- [Excerpted records]
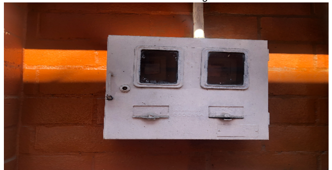
Contador de Energia
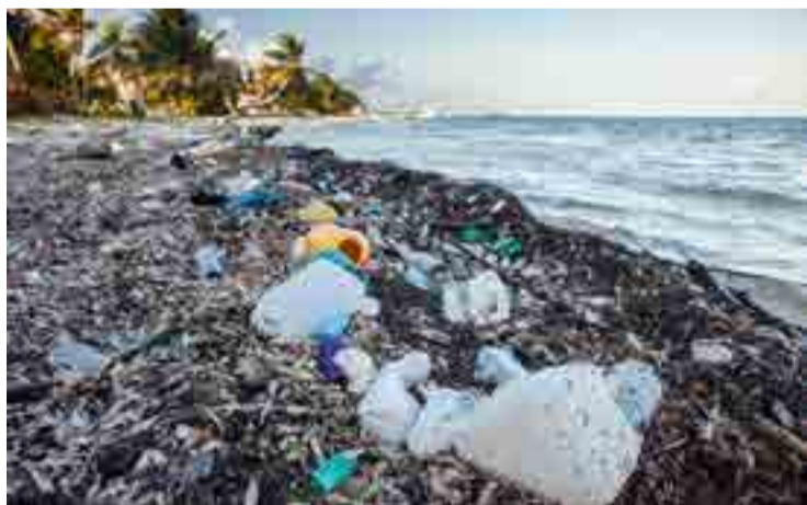
En el transcurso de 2017, #MaresLimpios anunciará medidas ambiciosas adoptadas por los países y las empresas.
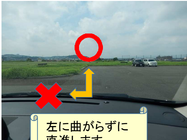
左に曲がらずに直進します
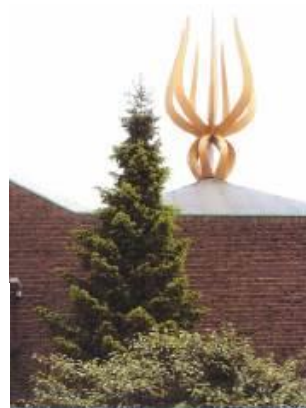
Feest van de Geest, 29 mei t/m 8 juni 2014
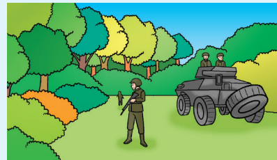
Tentera bertugas mengawal sempadan negara
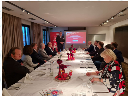
Executive Roundtable & Business Dinner
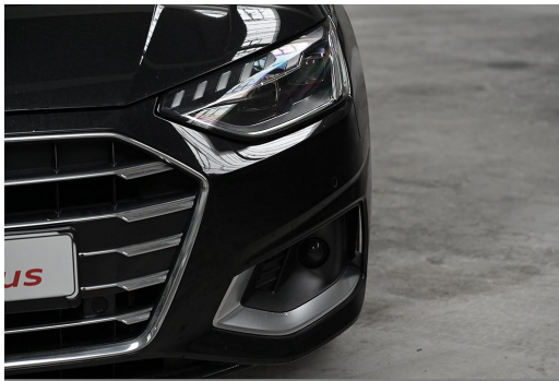
Audi Zentrum Wuppertal GOTTFRIED SCHULTZ
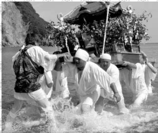
阿部宮内神社秋季例祭
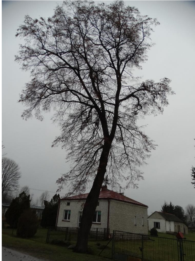
Poz. nr 12, lipa, 240 cm, dz. nr. 131, Siedliszcze.
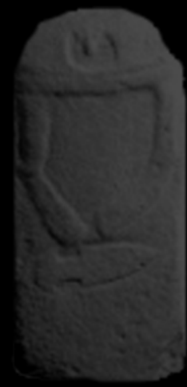
PRE - ETÀ DEL BRONZO
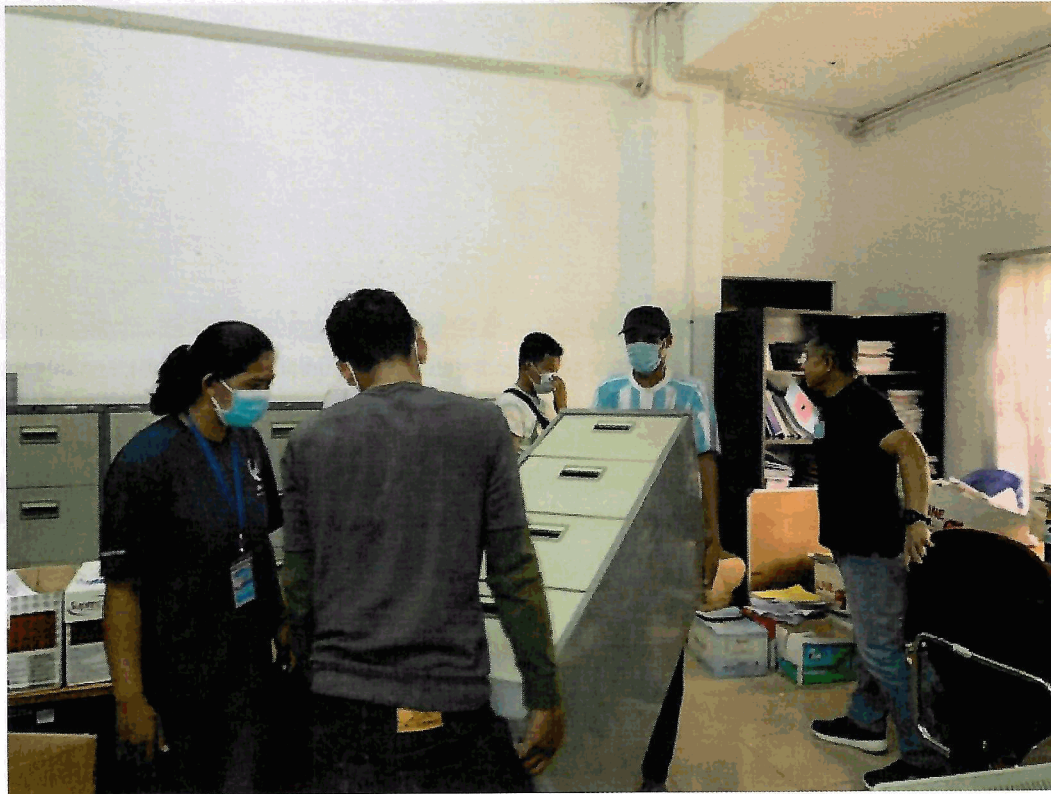
បើតាមមជ្ឈមណ្ឌលឯកសារកម្ពុជាបានឱ្យដឹងថា ការបរិច្ចាគឯកសារនេះ គឺជាសក្ខីភាពនៃដំហានឆ្ពោះទៅមុខបន្ទាប់ នៅក្នុងកិច្ចខិតខំប្រឹងប្រែងបង្កើនអត្ថប្រយោជន៍របស់ដើម បណ្តឹងរដ្ឋប្បវេណី, ជនរងគ្រោះ និងសមាជិកគ្រួសារដែលរស់រានមានជីវិតពីរបបខ្មែរក្រហម ដើម្បីធានាថា យុត្តិធម៌មិនមែនបញ្ចប់ទៅនៅពេលដែលតុលាការខ្មែរក្រហមបិទ បញ្ចប់ប្រតិបត្តិការរបស់ខ្លួនទេ។
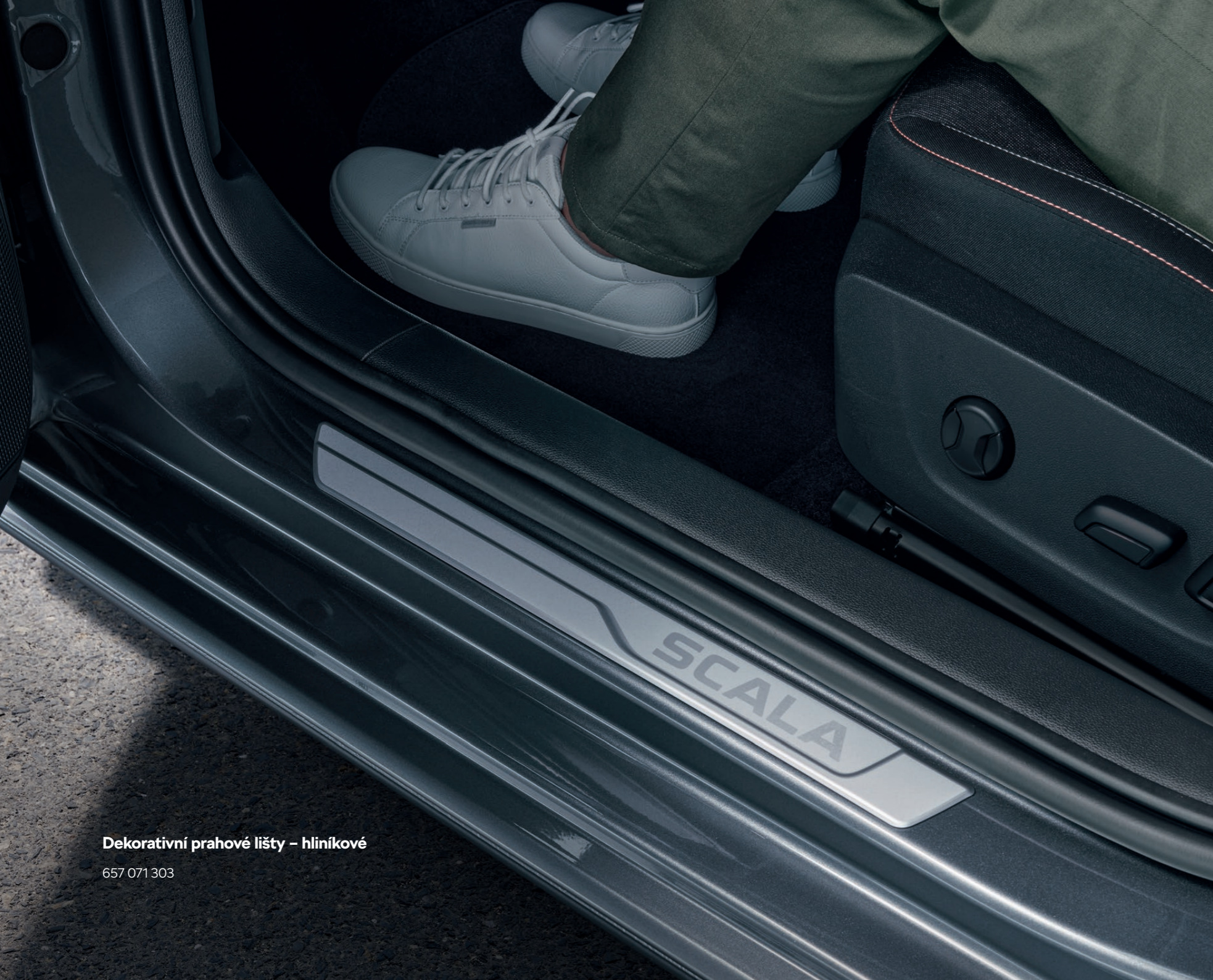
Dekoratívni prahové lišty – hliníkové
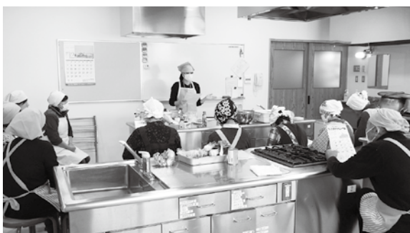
骨粗鬆症についての学習会

最初に、村健康福祉課の管理栄養士から、食事による予防・骨粗鬆症について説明がありました。骨粗鬆症は骨がもろくなる病気で、第1の予防は、毎日の生活が大変重要であり、特に骨をつくるカルシウムをいかにして摂取するかがポイントで、年齢とともに骨量は減少するが、その速度を少しでも遅くするため
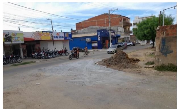
AV SÃO JOAO - MAN PAV ASFÁLTICO
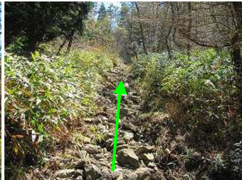
ゴロ石の中を行く。
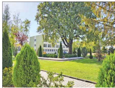
Обновените паркови пространства

тизация и роботизация на производствените процеси. Изградени са редица важни обекти на територията на дружеството. Правим пълно обновление на парковете в дружеството.

- [What the task asks]
What lines above run from the one with "Feest van de Geest, 29 mei t/m 8 juni 2014" to the one with "PRE - ETÀ DEL BRONZO"? Give them again exactly, ends included, and leave the pictures out.

- [Task response]
Feest van de Geest, 29 mei t/m 8 juni 2014
Tentera bertugas mengawal sempadan negara
Executive Roundtable & Business Dinner
Audi Zentrum Wuppertal GOTTFRIED SCHULTZ
阿部宮内神社秋季例祭
Poz. nr 12, lipa, 240 cm, dz. nr. 131, Siedliszcze.
PRE - ETÀ DEL BRONZO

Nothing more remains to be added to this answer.